The natural gas futures market on Tuesday continued its recent bout of range-trading as the March contract dropped 15.8 cents from Friday’s finish to close at $5.310.

It appears that the market is continuing to wrestle with conflicting fundamentals, a New York broker observed, adding that the current stretch of renewed cold is doing battle with storage inventories that are still on the comfortable side.

Other market watchers expanded on the current situation in futures prices. Heading into Tuesday’s regular trading session, Citi Futures Perspective analyst Tim Evans noted that the market still appears to be directionally challenged, despite updated temperature forecasts that “seem quite constructive,” with temperatures projected to run eight to 12 degrees below normal in both the six- to 10-day and 11- to 15-day forecast periods.

“We see a conflict here between these supportive forecasts and what has been lackluster price action over the past week or more, which seems to have bearish implications for the longer term if the cold fails to produce a price spike, leaving the market vulnerable to any warming trend that follows, with the storage withdrawal season drawing toward its usual end-of-March finish,” Evans added.

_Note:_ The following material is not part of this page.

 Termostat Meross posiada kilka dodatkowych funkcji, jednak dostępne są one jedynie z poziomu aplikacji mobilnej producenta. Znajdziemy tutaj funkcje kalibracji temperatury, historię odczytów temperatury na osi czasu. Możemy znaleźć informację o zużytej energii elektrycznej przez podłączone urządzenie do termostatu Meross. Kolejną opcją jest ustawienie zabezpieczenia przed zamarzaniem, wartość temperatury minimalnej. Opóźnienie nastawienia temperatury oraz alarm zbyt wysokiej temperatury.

According to forecasters, a strong blocking pattern has settled in and deep cold is forecast in major energy markets over the next 10 days. MDA EarthSat said changes in its six- to 10-day forecast since Monday have been in a cooler direction. “Strong belows [normal temperatures] were added to central Canada as high pressure with polar origins settles in. This cold air mass is expected to creep southward during the second half of the period, bringing much belows and even strong belows into the central U.S. This will certainly increase demand, but rising normals in late February will keep the cold less intense than in December or January. With the strong blocking still in place at the upper latitudes, confidence in the cold is high overall but lower on exact details.”

According to figures submitted to the Commodity Futures Trading Commission, natural gas directional traders shifted their focus to the long side of the market by increasing long positions and decreasing short holdings. For the week ended Feb. 9 managed money traders at IntercontinentalExchange held long natural gas futures and options contracts (2,500 MMBtu) totaling 546,052, an increase of 2,618, and short positions rose by 5,413 to 25,344. On Nymex long futures and options (10,000 MMBtu) rose 3,786 contracts to 138,191 and shorts fell by 6,418 to 159,631. After adjusting for contact size long holdings of futures and options on both exchanges rose 4,440 contracts and shorts declined by 5,065. For the five trading sessions ended Feb. 9, March futures fell 16.4 cents to $5.290.

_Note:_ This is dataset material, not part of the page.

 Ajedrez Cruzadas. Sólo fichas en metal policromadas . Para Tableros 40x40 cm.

Analysts, however, don’t see changes in the composition of the open interest as capable of sustaining price advances. “We look for any fundamental surprises such as last Friday’s larger-than-expected storage withdrawal to prompt an exaggerated price response as funds reduce short holdings,” said Jim Ritterbusch of Ritterbusch and Associates. According to Ritterbusch, the gas market is “theoretically immune to international issues such as the European debt problems; the market is forced to focus largely on weather guidance, weekly storage data and various economic releases that could provide clues to future industrial demand.”